# God isnt Dead



## vowell462 (Dec 23, 2013)

Has anyone seen the trailer to this movie? I think its on youtube. Just want to hear some thoughts.


----------



## WaltL1 (Dec 23, 2013)

vowell462 said:


> Has anyone seen the trailer to this movie? I think its on youtube. Just want to hear some thoughts.


I just watched the trailer. My thoughts are -
Bad teacher. He wasn't trying to challenge their minds he was literally trying to make his students accept what he believes as fact. Obviously there are no facts just beliefs.
The student while its admirable that he sticks to his beliefs is actually trying to do the same thing but he's doing it in the proper way by making his case and letting the other students make their own choice.
I have no clue about the rest of the movie but Im guessing the teacher at one time believed, had something bad happen so he no longer believes and everybody will cry at the end because the student brings the teacher back to believing.


----------



## hummdaddy (Dec 23, 2013)

I have literally  ALMOST died 15 times and i don't believe the norm!!!


----------



## 660griz (Dec 23, 2013)

vowell462 said:


> Has anyone seen the trailer to this movie? I think its on youtube. Just want to hear some thoughts.



I think it is an attempt to get more money in the church. 

I think the atheist (professor in the movie) has an attitude problem.
It is almost like he believes in God and is angry with him. 

Of course you have to applaud the kid for standing up for what he believes in, in the face of 'tyranny'. 

I wonder how it would go if they were both 'nice' about it. 

I would imagine watching debates with Christopher Hitchens would be much more educational and entertaining than someone just playing the role.

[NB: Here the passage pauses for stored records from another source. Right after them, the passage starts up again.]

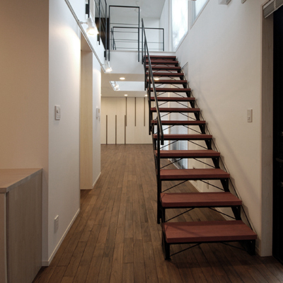 ■ 決めていく楽しさ ・ もちろん全て設計者におまかせというのもいいと思いますが、 時には一緒に話して決めていくと言うのも楽しいものです。 理屈ぬきでこの色が好きとかいう方もいらっしゃるでしょう。 もちろんデザイン的に絶対に合わないという場合は その旨遠慮なく進言させていただきます^^。 施主と設計者のがそこまでの関係になっている事が 大切だと思います。 ←階段の赤色は施主からの提案です^^。 |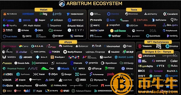 生态建设:Arbitrum生态建设板块涉及钱包、互换、借贷、期权、NFTs、NFT市场、工具、桥梁、道工具等20个板块。,而且生态非常繁荣。下图中我们可以看到阿尔比特鲁姆的一些重点生态项目。
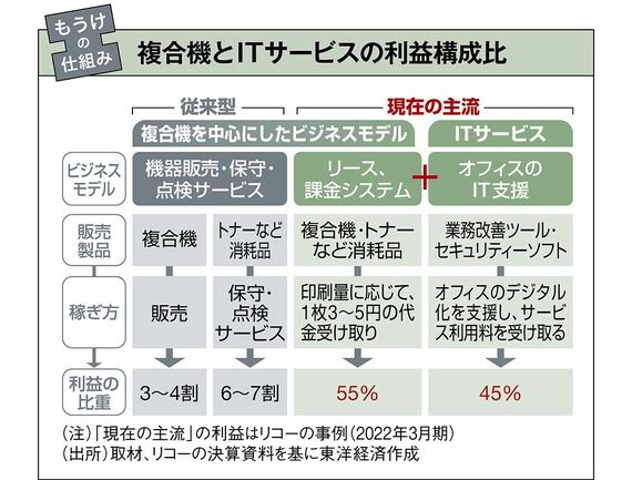 しかし、従前から進んできたペーパーレス化が、コロナ禍での在宅勤務で加速。安定収入を享受できた時代は終わりつつある。大手はこぞって事務機器の営業網を活かしたITサービス強化に乗り出している。

If it comes to Netflix, I'll watch it.


----------



## Four (Dec 26, 2013)

It looked like one of those nonsense christian mass chain emails about a young fervent christian out-smarting a curmudgeonly arrogant atheist teacher put into film...

I didn't look into who funded the film but its so much like an over the top propaganda film that its a bit awkward.


----------



## TripleXBullies (Dec 27, 2013)

660griz said:


> It is almost like he believes in God and is angry with him.



According to SFD that's all of us.


----------



## TripleXBullies (Dec 27, 2013)

vowell462 said:


> Has anyone seen the trailer to this movie? I think its on youtube. Just want to hear some thoughts.



Looks too much like a Lifetime movie... I don't generally watch Lifetime movies...


----------



## vowell462 (Dec 27, 2013)

Four said:


> It looked like one of those nonsense christian mass chain emails about a young fervent christian out-smarting a curmudgeonly arrogant atheist teacher put into film...
> 
> I didn't look into who funded the film but its so much like an over the top propaganda film that its a bit awkward.



That was exactly what ran into my mind when I saw it.


----------